• [Problem to solve] If a line below falls between the line with "一梯一户、铸铝子母门、华为智" and the line with "Расшифровать файл можно", or is one of those two, output it exactly; output nothing else and no pictures.

• [Data supplied]
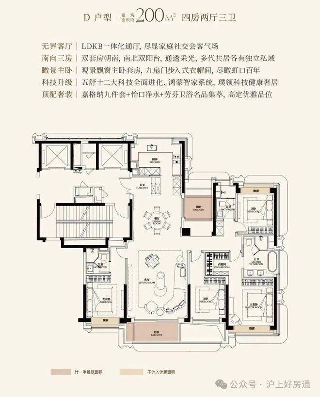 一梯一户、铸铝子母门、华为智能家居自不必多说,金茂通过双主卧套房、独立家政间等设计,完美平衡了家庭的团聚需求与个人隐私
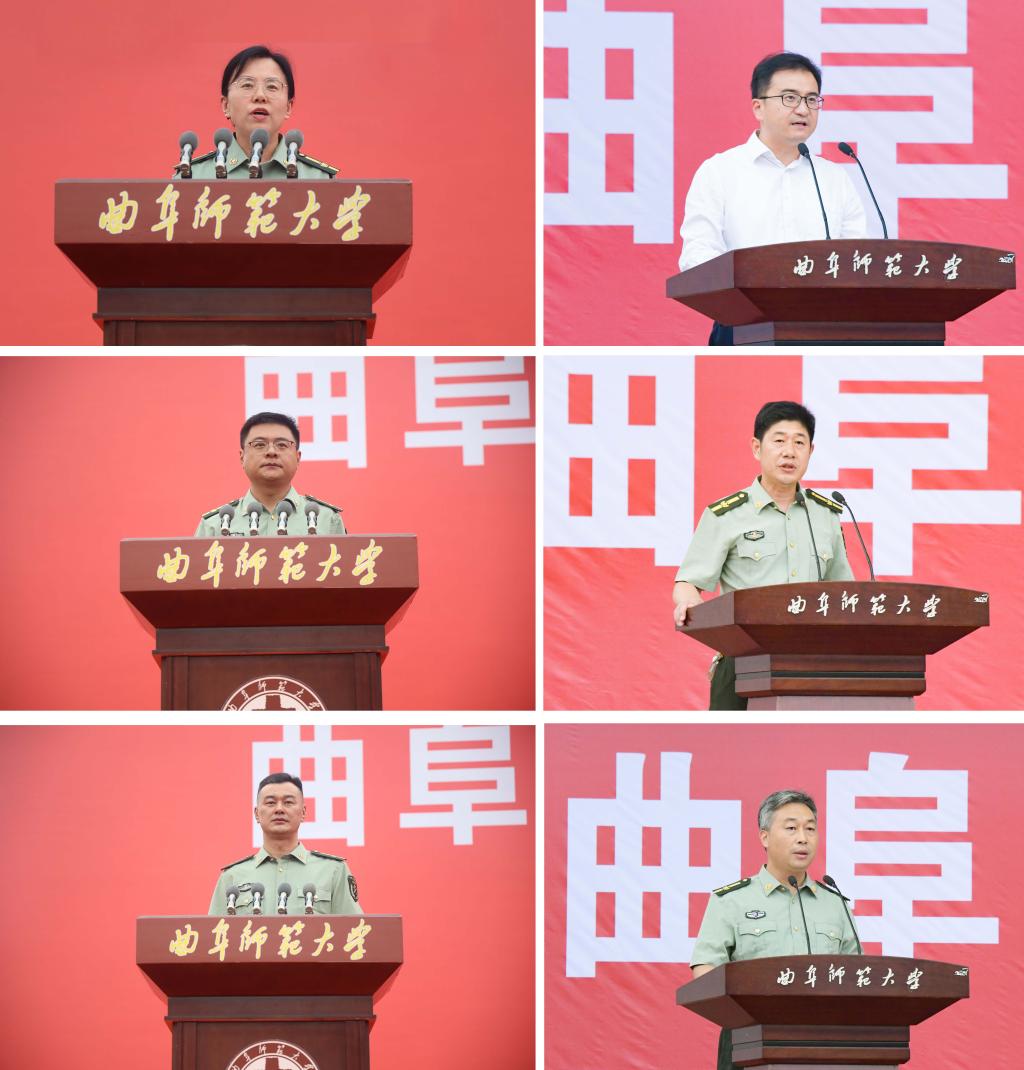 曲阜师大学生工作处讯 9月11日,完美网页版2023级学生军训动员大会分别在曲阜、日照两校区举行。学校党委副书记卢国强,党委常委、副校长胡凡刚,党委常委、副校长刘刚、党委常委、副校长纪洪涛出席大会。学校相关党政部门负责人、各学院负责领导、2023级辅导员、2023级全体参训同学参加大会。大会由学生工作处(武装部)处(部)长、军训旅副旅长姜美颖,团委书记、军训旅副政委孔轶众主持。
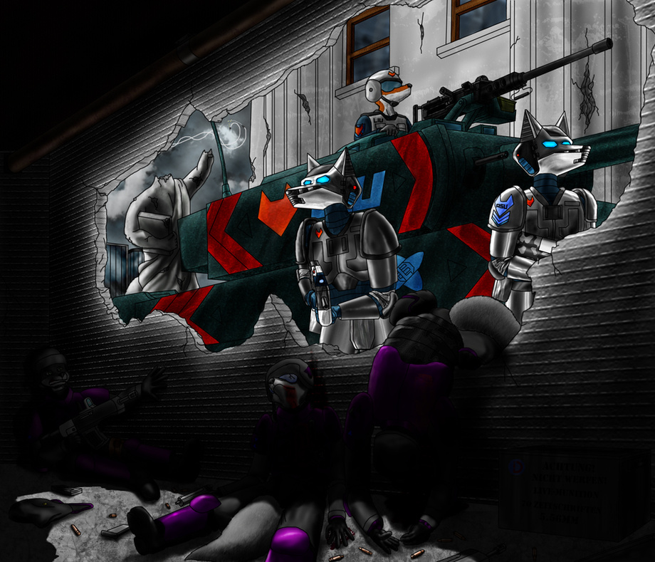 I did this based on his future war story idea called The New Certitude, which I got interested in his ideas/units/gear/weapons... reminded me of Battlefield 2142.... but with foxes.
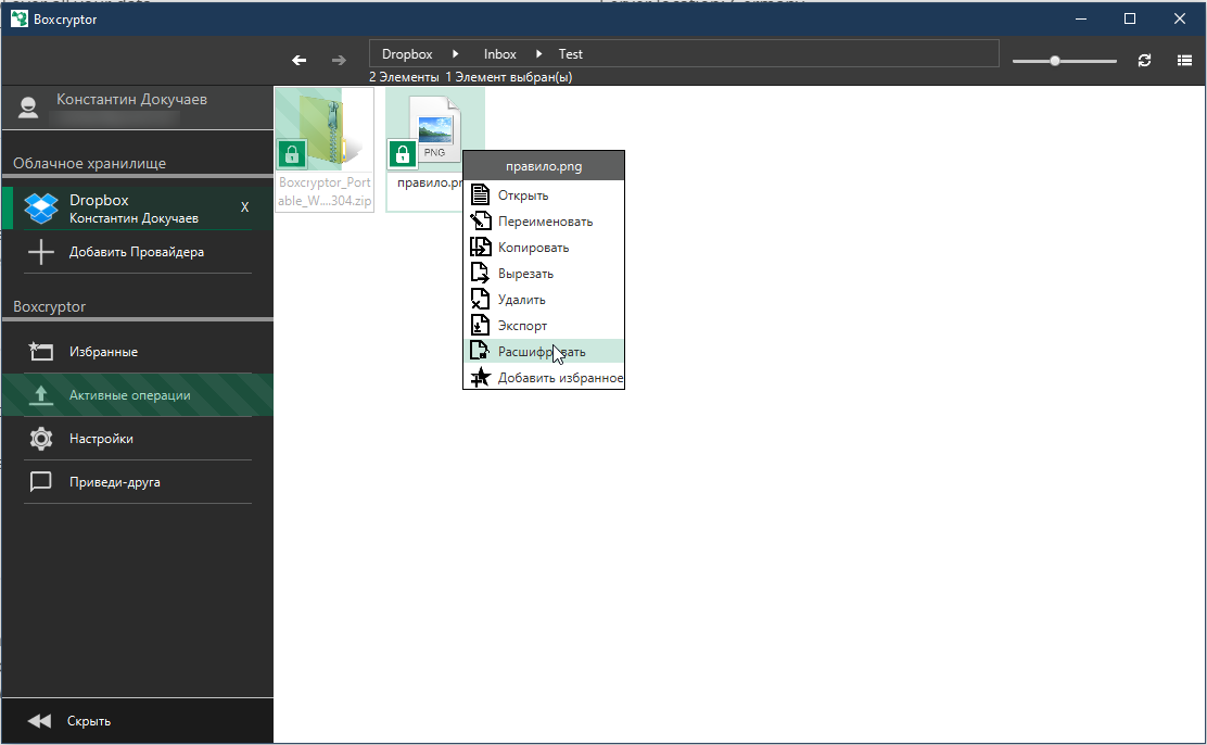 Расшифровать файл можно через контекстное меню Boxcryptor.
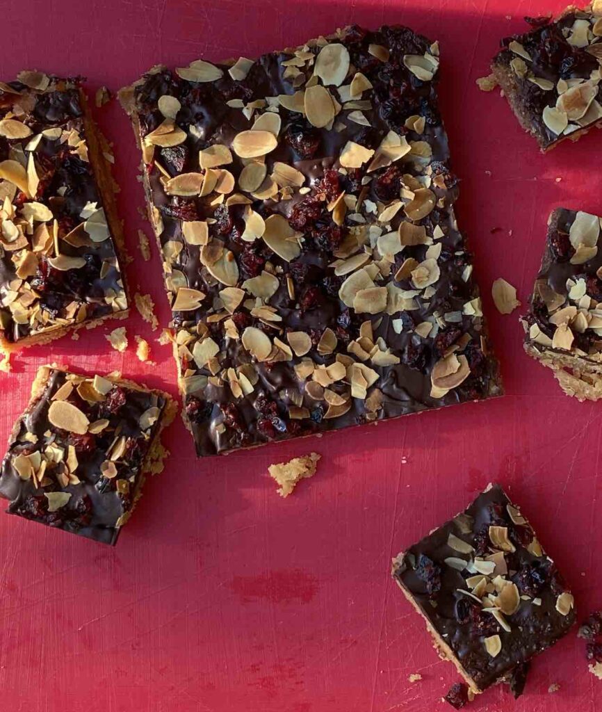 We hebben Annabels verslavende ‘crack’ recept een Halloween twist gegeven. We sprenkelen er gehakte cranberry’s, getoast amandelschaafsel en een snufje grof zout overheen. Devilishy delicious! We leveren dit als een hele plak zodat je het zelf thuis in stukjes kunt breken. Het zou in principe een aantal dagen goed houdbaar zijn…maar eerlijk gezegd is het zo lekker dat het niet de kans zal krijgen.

...

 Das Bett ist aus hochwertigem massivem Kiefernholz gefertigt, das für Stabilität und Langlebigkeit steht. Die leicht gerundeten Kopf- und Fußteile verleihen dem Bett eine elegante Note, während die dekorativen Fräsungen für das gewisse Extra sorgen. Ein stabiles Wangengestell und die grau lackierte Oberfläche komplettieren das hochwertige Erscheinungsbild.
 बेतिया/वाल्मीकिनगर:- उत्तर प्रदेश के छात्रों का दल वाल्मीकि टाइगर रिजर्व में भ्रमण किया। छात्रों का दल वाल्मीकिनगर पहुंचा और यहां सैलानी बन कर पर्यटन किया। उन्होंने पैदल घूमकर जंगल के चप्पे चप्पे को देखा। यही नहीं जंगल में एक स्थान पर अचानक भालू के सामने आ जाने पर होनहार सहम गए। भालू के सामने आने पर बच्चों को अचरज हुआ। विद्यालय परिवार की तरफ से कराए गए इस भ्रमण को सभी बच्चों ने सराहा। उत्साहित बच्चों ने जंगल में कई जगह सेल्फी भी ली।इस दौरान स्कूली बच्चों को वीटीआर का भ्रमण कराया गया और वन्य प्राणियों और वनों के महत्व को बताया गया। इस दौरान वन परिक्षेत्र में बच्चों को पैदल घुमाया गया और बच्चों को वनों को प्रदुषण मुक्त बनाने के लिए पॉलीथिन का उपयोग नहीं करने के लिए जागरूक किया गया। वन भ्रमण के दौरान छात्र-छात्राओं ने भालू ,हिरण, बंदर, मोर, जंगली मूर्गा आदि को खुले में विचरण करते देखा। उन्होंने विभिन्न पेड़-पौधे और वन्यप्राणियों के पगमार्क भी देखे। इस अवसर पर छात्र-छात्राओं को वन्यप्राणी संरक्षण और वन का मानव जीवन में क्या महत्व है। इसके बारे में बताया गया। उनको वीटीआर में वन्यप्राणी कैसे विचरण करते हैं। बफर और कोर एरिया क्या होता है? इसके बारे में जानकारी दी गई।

...

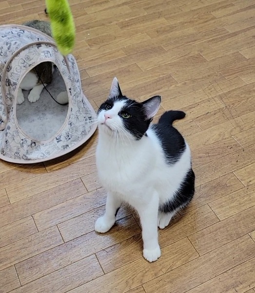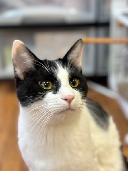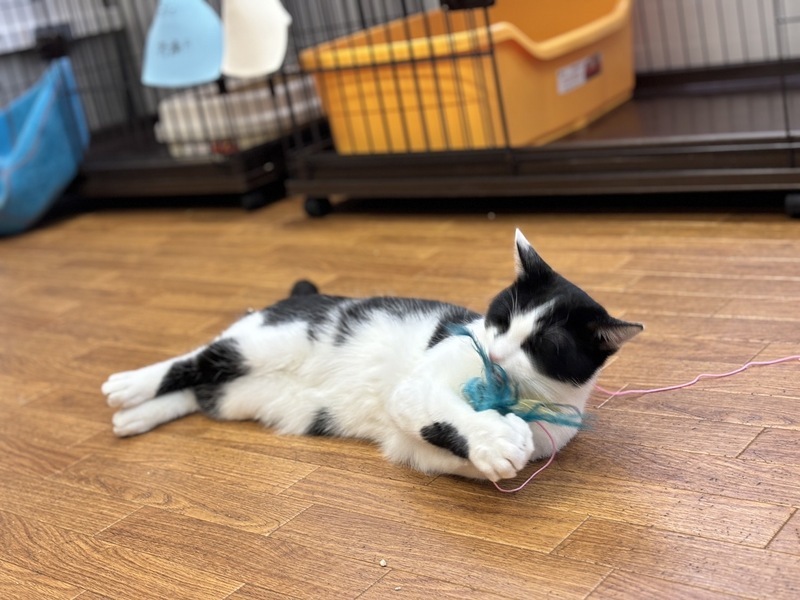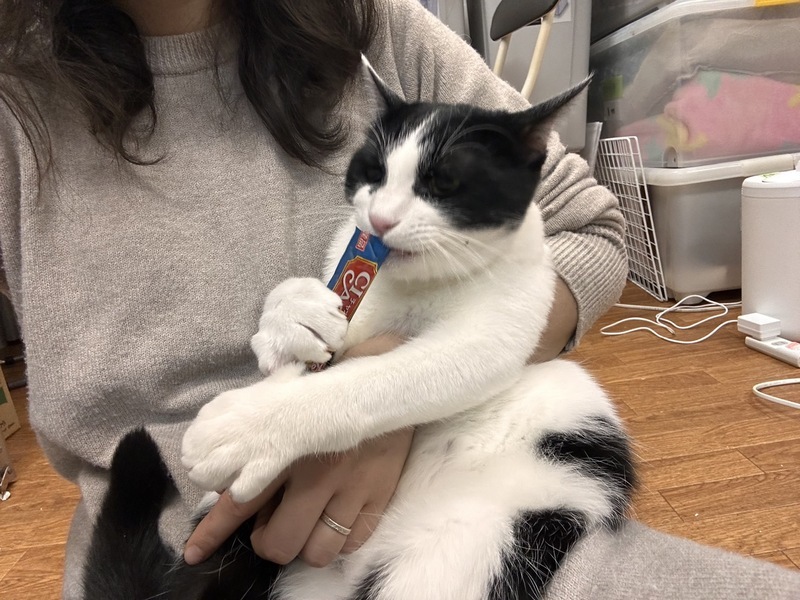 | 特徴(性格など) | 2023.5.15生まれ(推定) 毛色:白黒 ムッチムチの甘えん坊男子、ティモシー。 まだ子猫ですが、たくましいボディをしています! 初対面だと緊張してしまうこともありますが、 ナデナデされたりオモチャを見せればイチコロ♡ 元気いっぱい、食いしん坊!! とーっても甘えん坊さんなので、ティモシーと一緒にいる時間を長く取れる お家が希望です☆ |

• [Written reply]
 一梯一户、铸铝子母门、华为智能家居自不必多说,金茂通过双主卧套房、独立家政间等设计,完美平衡了家庭的团聚需求与个人隐私
 曲阜师大学生工作处讯 9月11日,完美网页版2023级学生军训动员大会分别在曲阜、日照两校区举行。学校党委副书记卢国强,党委常委、副校长胡凡刚,党委常委、副校长刘刚、党委常委、副校长纪洪涛出席大会。学校相关党政部门负责人、各学院负责领导、2023级辅导员、2023级全体参训同学参加大会。大会由学生工作处(武装部)处(部)长、军训旅副旅长姜美颖,团委书记、军训旅副政委孔轶众主持。
 I did this based on his future war story idea called The New Certitude, which I got interested in his ideas/units/gear/weapons... reminded me of Battlefield 2142.... but with foxes.
 Расшифровать файл можно через контекстное меню Boxcryptor.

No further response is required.